When we reached the hospital, I got out and said "what's that smell?" We had indeed clipped the deer, but it smashed against the side of our ambulance. Blood and fecal matter from the front to the rear.

*Pumpkin Head*

Some coworkers and local firefighters decided to go out drinking one night after a shift. I really tied one on, my partner and I slept at the station. Well, she slept and I passed out on the floor.

At some point during the night, the crew on duty took pictures of me with a Halloween pumpkin treat basket on my head. They then proceeded to put toothpaste on my hands.

When I woke up I shouted "who put toothpaste in my underwear?!" Everyone cracked up and said "where??!"

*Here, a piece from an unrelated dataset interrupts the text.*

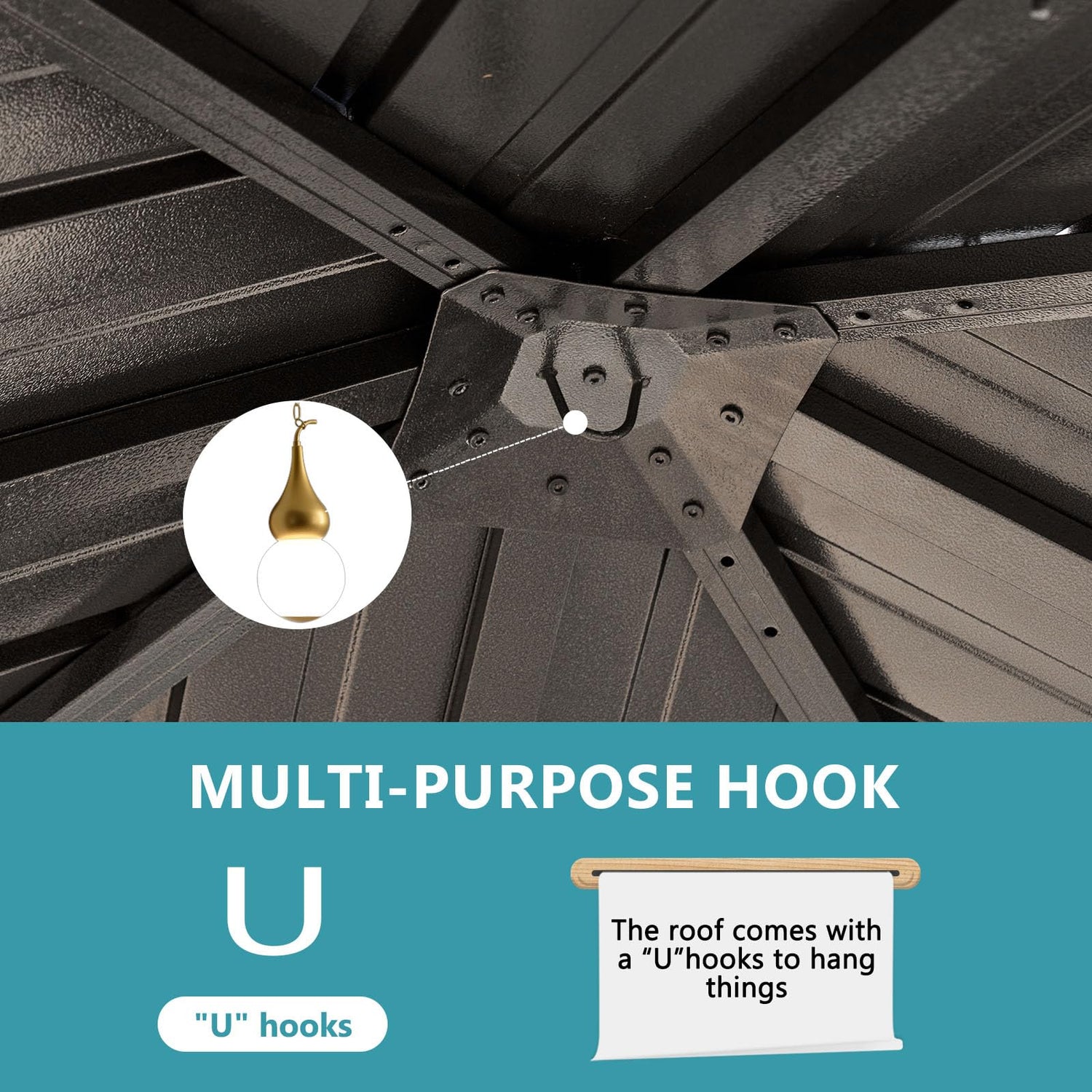 - 【Galvanized Steel Top】 Designed with galvanized steel single roof, the metal gazebo is durable and sturdy enough to withstand bad conditions such as heavy snow, rain and more compared with soft tops. It is able to block most harmful UV rays and prevent water from leaking. Moreover, the structure of the roof is not easy to accumulate rainwater, which prevent the rainwater gathering problems.

I was "Pumpkin Head" for months later.

*Out of Breath*

I had a long commute to work and was known for checking my ambulance and then going immediately to my room for a nap. One day I arrived to find my bunk room full of balloons, floor to ceiling.

I started out by carefully untying each to let the air escape. The mastermind of the prank said "he's doing it like a Navy SEAL taking out a sentry. 'Shhhhh&#8230;'" I laughed and resorted to using my blade for the rest.

"Dude, we were up for hours doing that! I almost passed out!"

*Where's the dog?*

This one is actually three funny stories in one.

We were dispatched for a serious dog bite to a woman's leg with severe bleeding. On the way to the call, my partner stated "I ain't got no clue where we're going." She had just started driving randomly, I had never worked with her before and assumed she knew where she was heading.

I got us on track and called for a helicopter due to the reports by fire and first responders on scene. My partner initiated hyper drive and managed to get all six wheels of our ambulance off of the ground whilst cresting a hill. I yelled "slow down! We are the only available ALS unit!" She was fired soon after for something else.

We arrived in scene and I began to assess and treat the patient. Indeed, lots of blood loss. While I was starting an IV, I asked her where the dog was. "Oh, he's right there, sweetie." I looked over my shoulder to see a pitbull watching me intently, blood still on his snout.

I knew that I needed to get the patient in the OR fast, I asked where the helicopter was. I was in Virginia, near the Maryland border (high tide mark on the Chesapeake Bay), and a Maryland State Police helicopter had been scrambled quite some time before. Their flight should have been short, they weren't in sight.

Finally, Trooper 7 touched down. A very pissed off State Trooper / Flight Medic stormed out of the helicopter demanding to speak with the scene commander.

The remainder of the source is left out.